All the data below goes into the copy word for word, but the pictures don't.

____ DATA SEGMENT

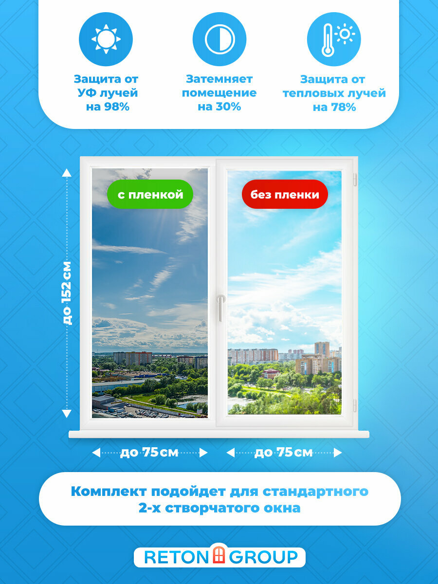 Атермальная пленка Nano 90 Reton Group. Самоклеющаяся пленка для окон 152х75 см х 3 шт. (комплект на 3 створки)
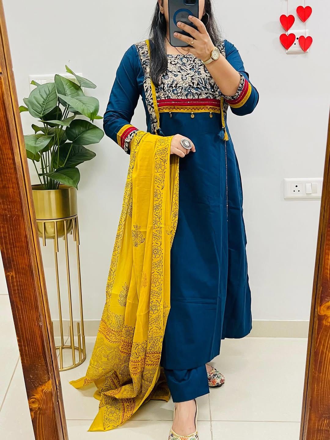 Teal blue kurti pant wit...
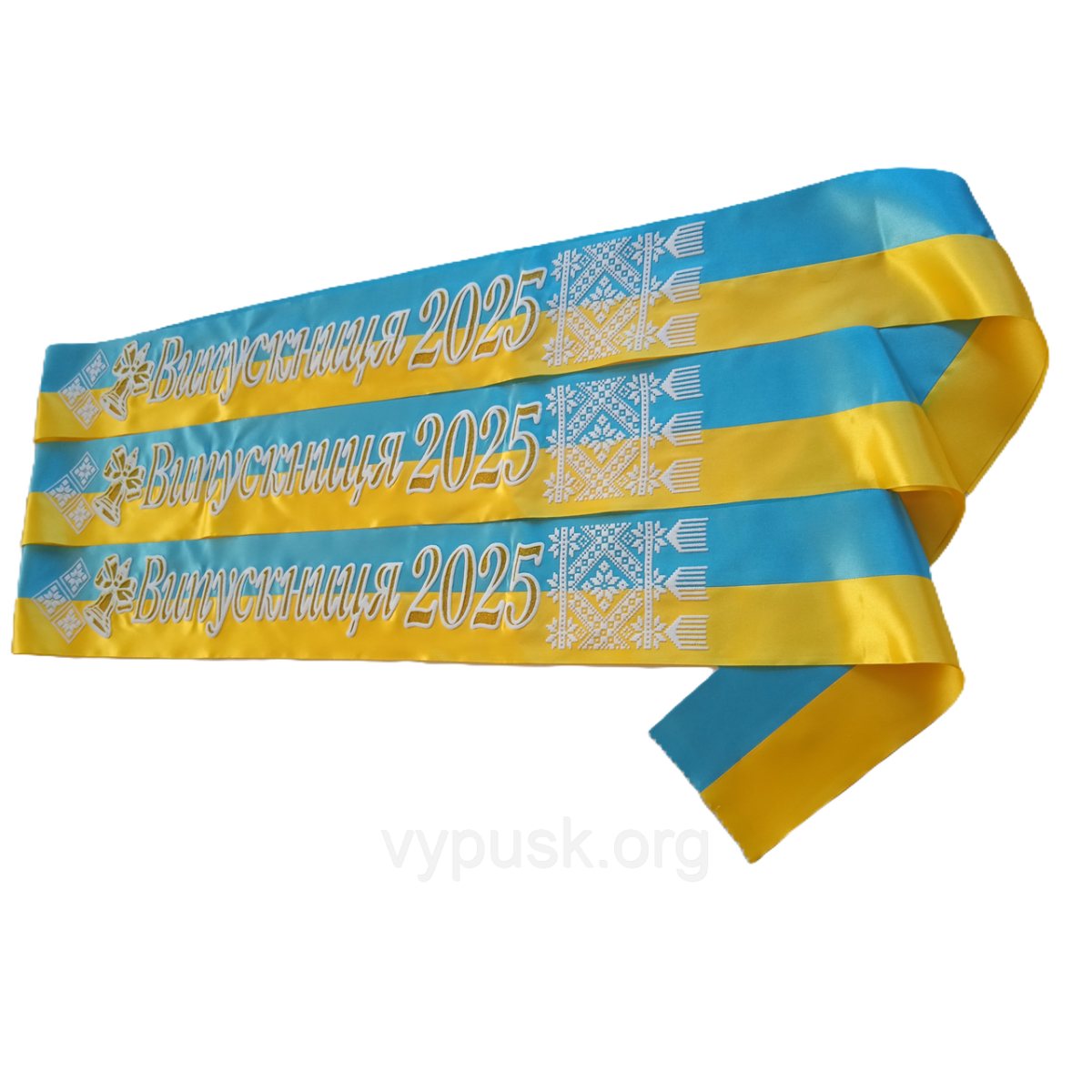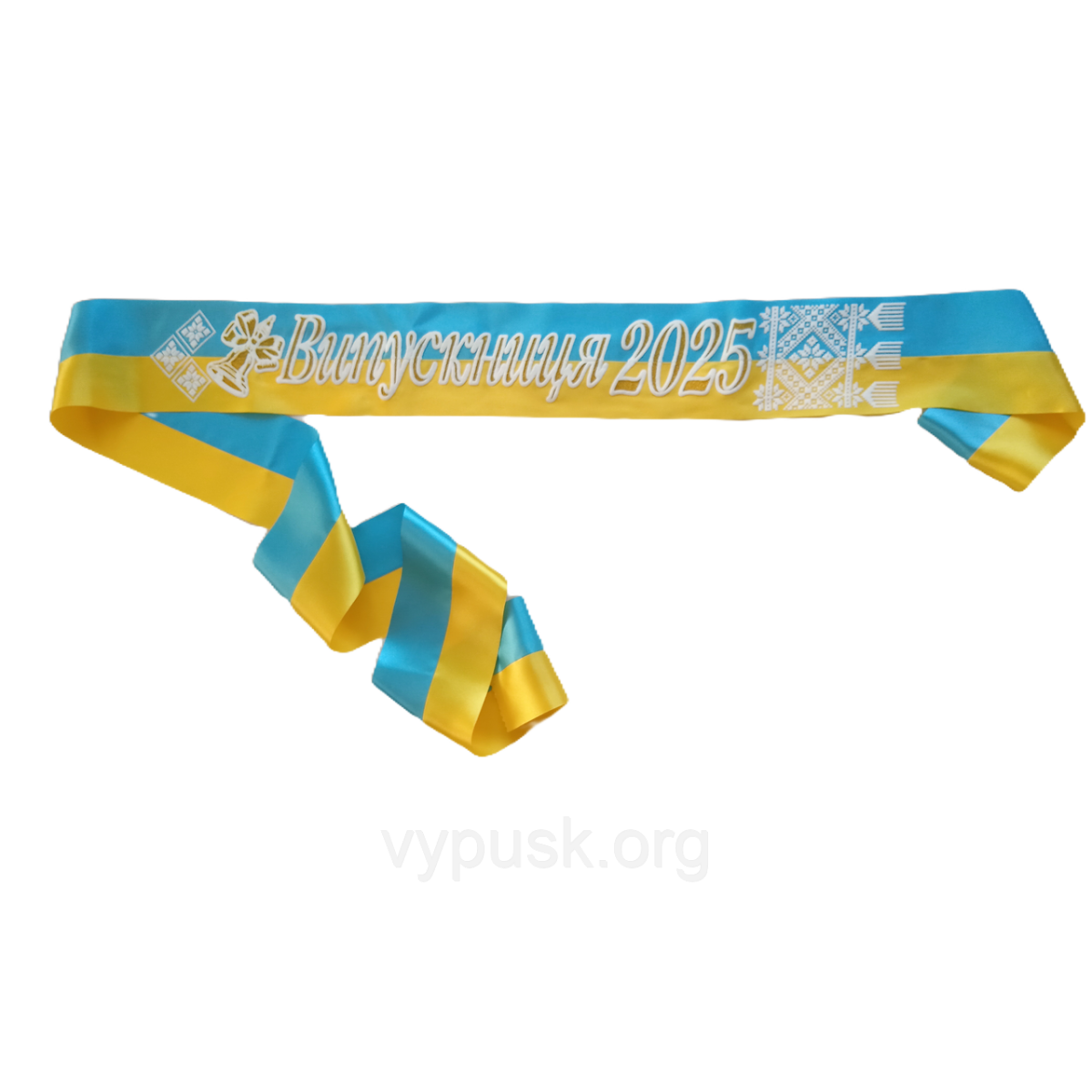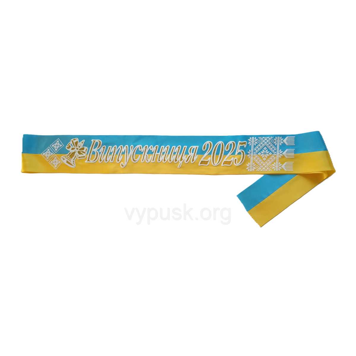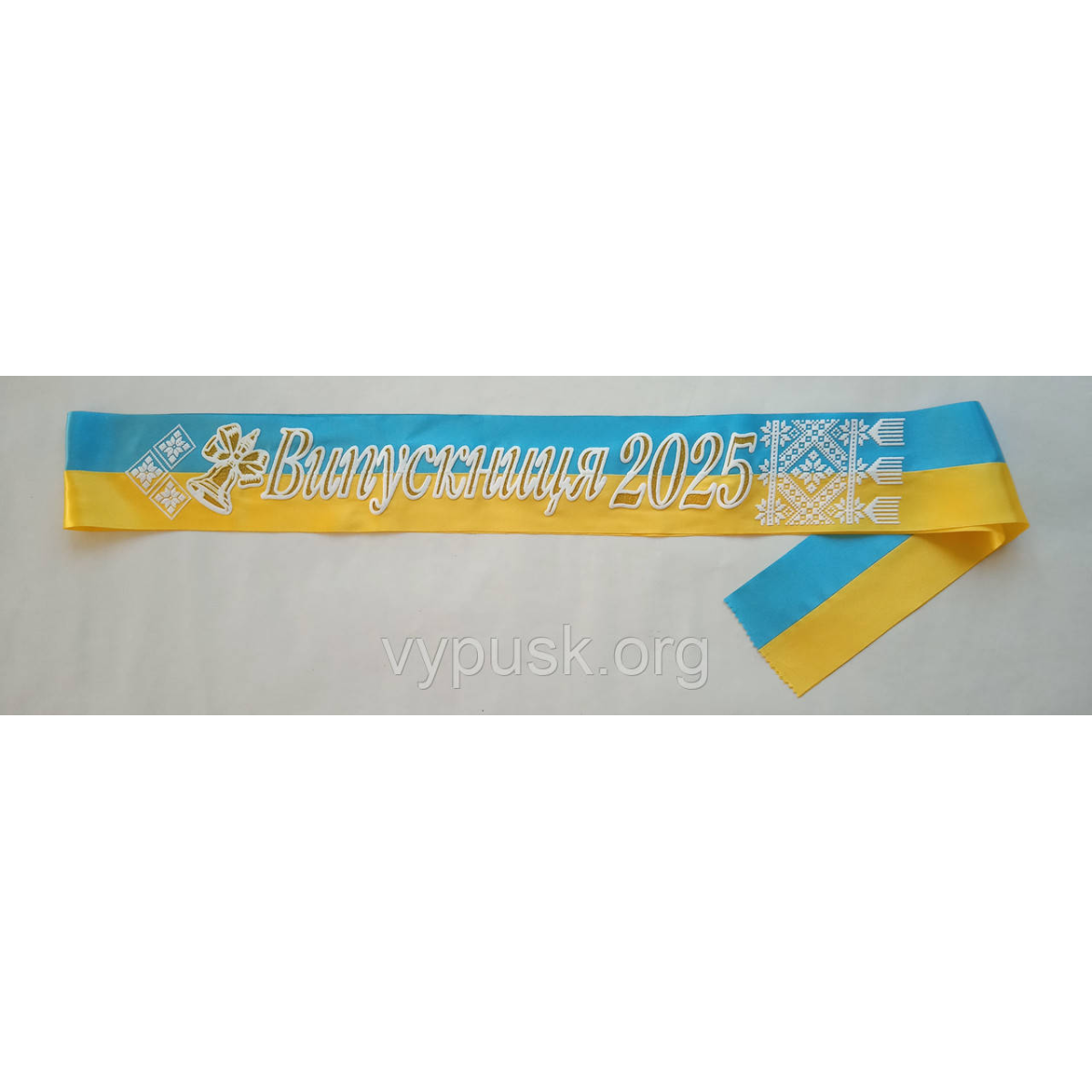 Стрічка Випускниця 2025 синьо-жовта атласна з об“ємним написом

________

RESULT FOR THIS TASK.
 Атермальная пленка Nano 90 Reton Group. Самоклеющаяся пленка для окон 152х75 см х 3 шт. (комплект на 3 створки)
 Teal blue kurti pant wit...
 Стрічка Випускниця 2025 синьо-жовта атласна з об“ємним написом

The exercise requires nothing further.